Data records:
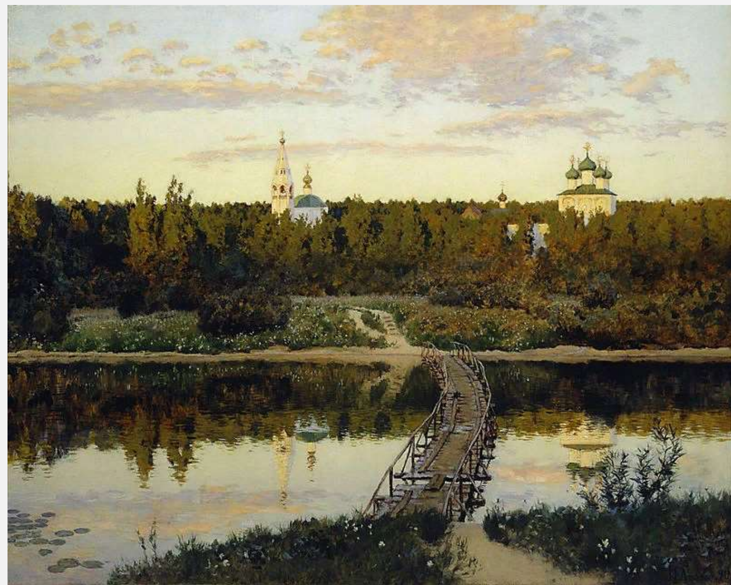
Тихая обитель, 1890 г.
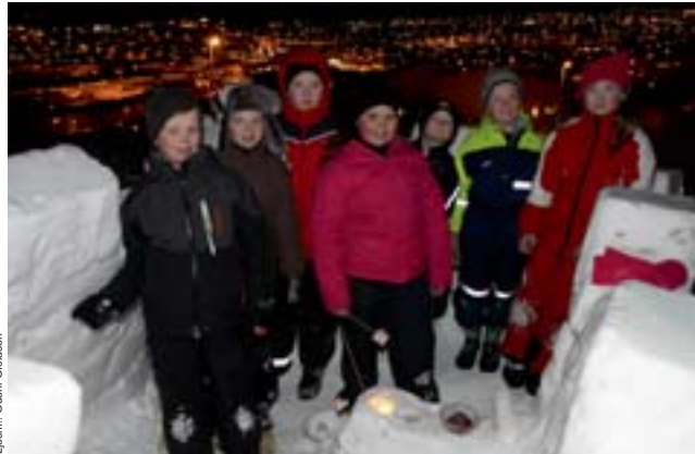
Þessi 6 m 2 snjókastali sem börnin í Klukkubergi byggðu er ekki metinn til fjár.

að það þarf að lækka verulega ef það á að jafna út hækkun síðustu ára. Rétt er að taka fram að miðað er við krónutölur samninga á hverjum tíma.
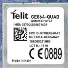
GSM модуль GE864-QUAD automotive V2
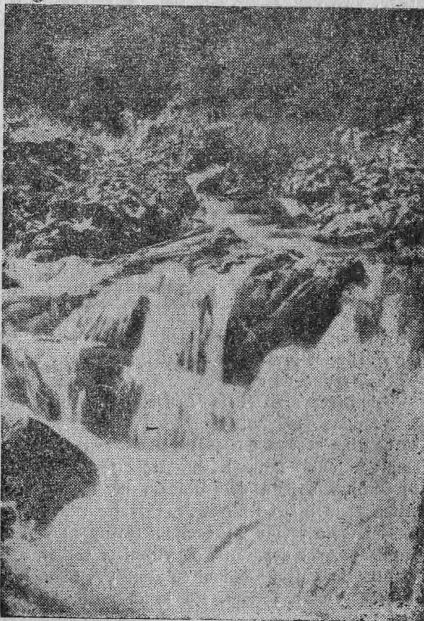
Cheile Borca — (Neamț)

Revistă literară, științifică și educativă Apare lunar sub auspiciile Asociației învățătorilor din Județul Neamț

==

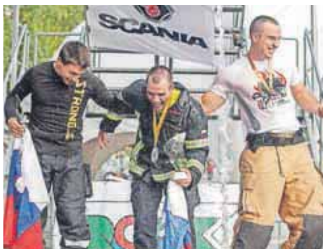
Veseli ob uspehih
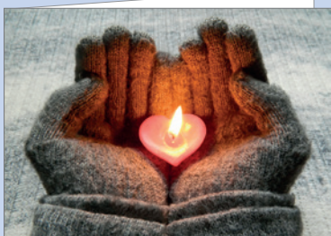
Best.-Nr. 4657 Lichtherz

* * *

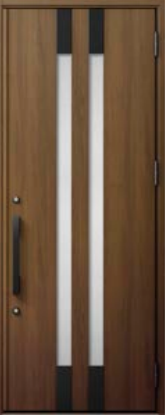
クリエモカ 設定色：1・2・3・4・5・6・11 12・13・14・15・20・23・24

Action item:
In the data above, find the line with "Тихая обитель, 1890 г." and the line with "Revistă literară, științifică". Please copy exactly those two lines and every line between them, but not the pictures.

Answer box:
Тихая обитель, 1890 г.
Þessi 6 m 2 snjókastali sem börnin í Klukkubergi byggðu er ekki metinn til fjár.

að það þarf að lækka verulega ef það á að jafna út hækkun síðustu ára. Rétt er að taka fram að miðað er við krónutölur samninga á hverjum tíma.
GSM модуль GE864-QUAD automotive V2
Cheile Borca — (Neamț)

Revistă literară, științifică și educativă Apare lunar sub auspiciile Asociației învățătorilor din Județul Neamț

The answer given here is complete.